Here’s how the deal breaks down, as we consider both Ethier’s expected decline from his age 31 season on and a 5% inflation on the expected $5.5 million / WAR. I’ve also added the club cost of the buyout to the final year of the deal.

2013 – $13.5 million salary - $5.25 $/WAR – Paying for 2.6 WAR – Anticipating 3.9 WAR
2014 – $15.0 million salary - $5.51 $/WAR – Paying for 2.7 WAR – Anticipating 3.4 WAR
2015 – $18.0 million salary - $5.79 $/WAR – Paying for 3.1 WAR – Anticipating 2.9 WAR
2016 – $18.0 million salary - $6.08 $/WAR – Paying for 3.0 WAR – Anticipating 2.4 WAR
2017 – $20.5 million salary - $6.31 $/WAR – Paying for 3.2 WAR – Anticipating 1.9 WAR

Assuming that Ethier doesn’t reach his vesting point for plate appearances, the deal considers the corner outfielder to be a true talent player of around four wins above replacement. While ZiPs has him on pace to surpass that total this year, he’s never before accumulated four WAR in a season, according to metrics from FanGraphs, Baseball Reference or Baseball Prospectus. In fact, the last three completed seasons reveal a much different story:

  • FanGraphs: 7.3 fWAR
  • Baseball Reference: 6.5 bWAR
  • Baseball Prospectus: 9.5 WARP

Even when we factor in the projected career year he’s on pace for this season, it gives him a three year fWAR total of 8.6, not exactly the most supportive of evidence that he is in fact a four WAR talent.

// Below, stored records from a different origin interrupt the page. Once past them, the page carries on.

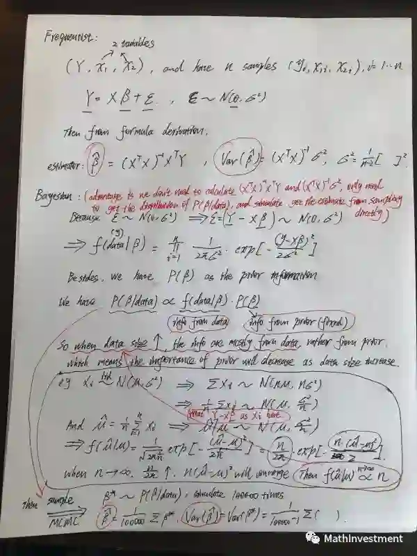 这里用贝叶斯导出的原因是贝叶斯不需要复杂的计算公式,仅仅需要的到P(u|data)之后做simulation,可以直接从generate出来的sample里面得到系数beta的均值和方差,而不需要像frequentist那样用公式来求。(具体公式的推导在附图中)
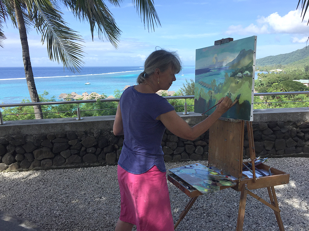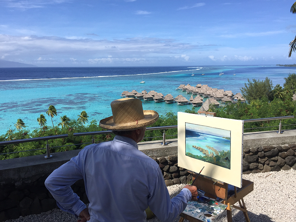 Escale organisée par le CV Guerry commandant la base navale de Tahiti, de deux Peintres officiels de la Marine en Polynésie, à l’occasion des cérémonies du 250ème anniversaire de l’arrivée de Bougainville à Tahiti.
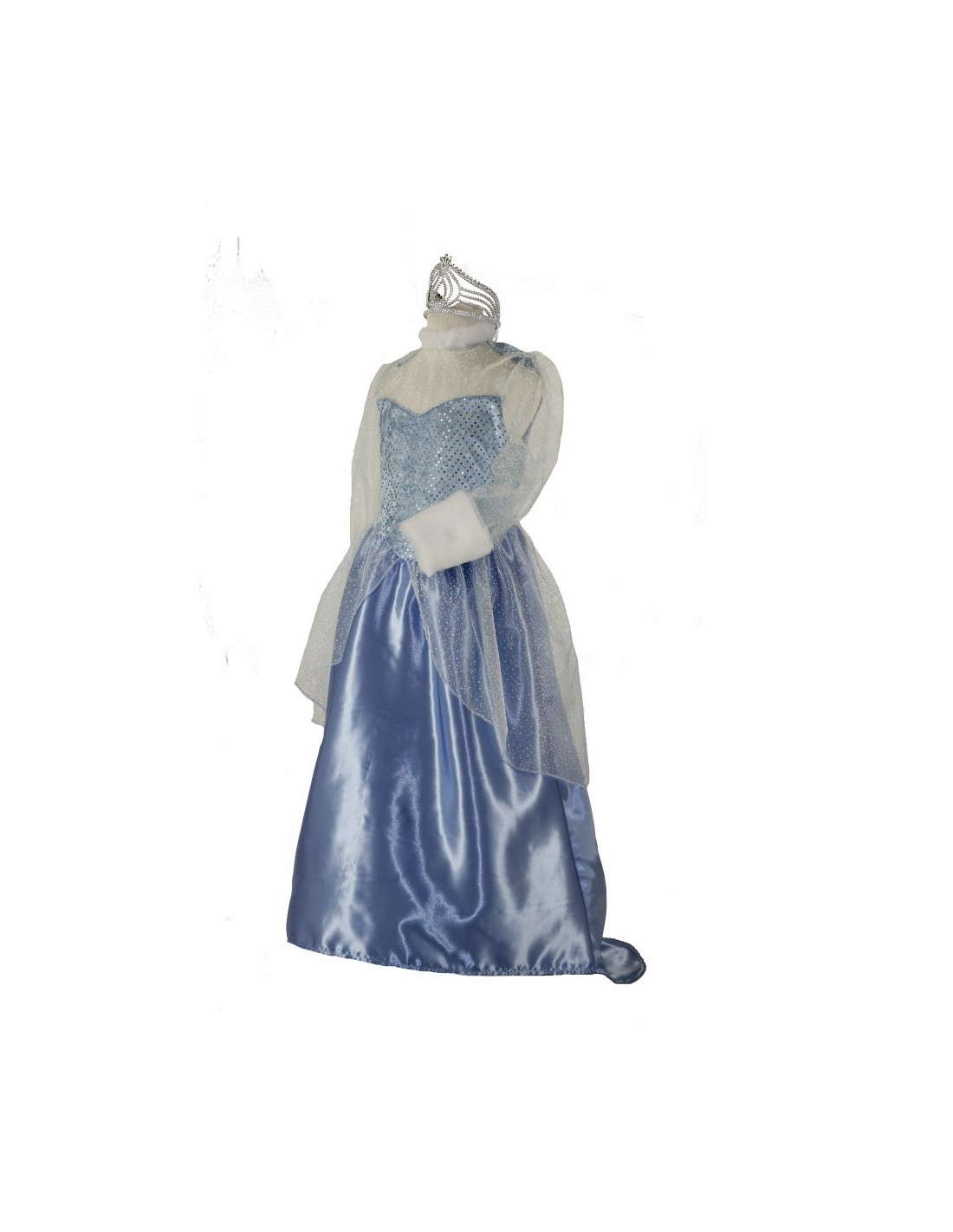 Déguisement Fabriqué en France. Tissus en satin polyester bleu ciel, organza bleu ciel et bas de manche en fourrure synthétique.

However, when we step outside of the vacuum and consider other factors like new ownership in Los Angeles, a somewhat disenfranchised fan base, a big television deal on the horizon, an underwhelming upcoming free agent class and the fact that Ethier is the second best position player on a roster of haves and have nots, you can understand why the team might be willing to overpay for his services.

So, as much as everyone might appreciate either absolute praise or entire condemnation, this, like most deals is justifiable, if not fair.

Comments (6)

  1. There’s been years where he might have hit 4 wins above. He’s been hurt a lot, which also shows your point of him not being worth the money.

  2. It definitely looks like an overpay. With his below average defense he certainly would have been a better fit for the AL going forward. He does have a pretty decent career OPS number but his defense is probably only get to worse.

    I just hate what his contract does for the market. $17 million really starts to stretch things. What’s Hamilton going to get now?

    • It’s funny how BP rated him so highly before this year with FRAA, but now not very well at all. Defensive metrics can be so influencial on these WAR total and so frustrating to figure out.

      • That’s the nice thing about Baseball Reference at least for me, they give you separate Offensive and Defensive WAR numbers, that way you can get a solid idea on one half of the equation. But yes you’re right regarding defensive metrics as being frustrating. They certainly seem to fluctuate an awful lot.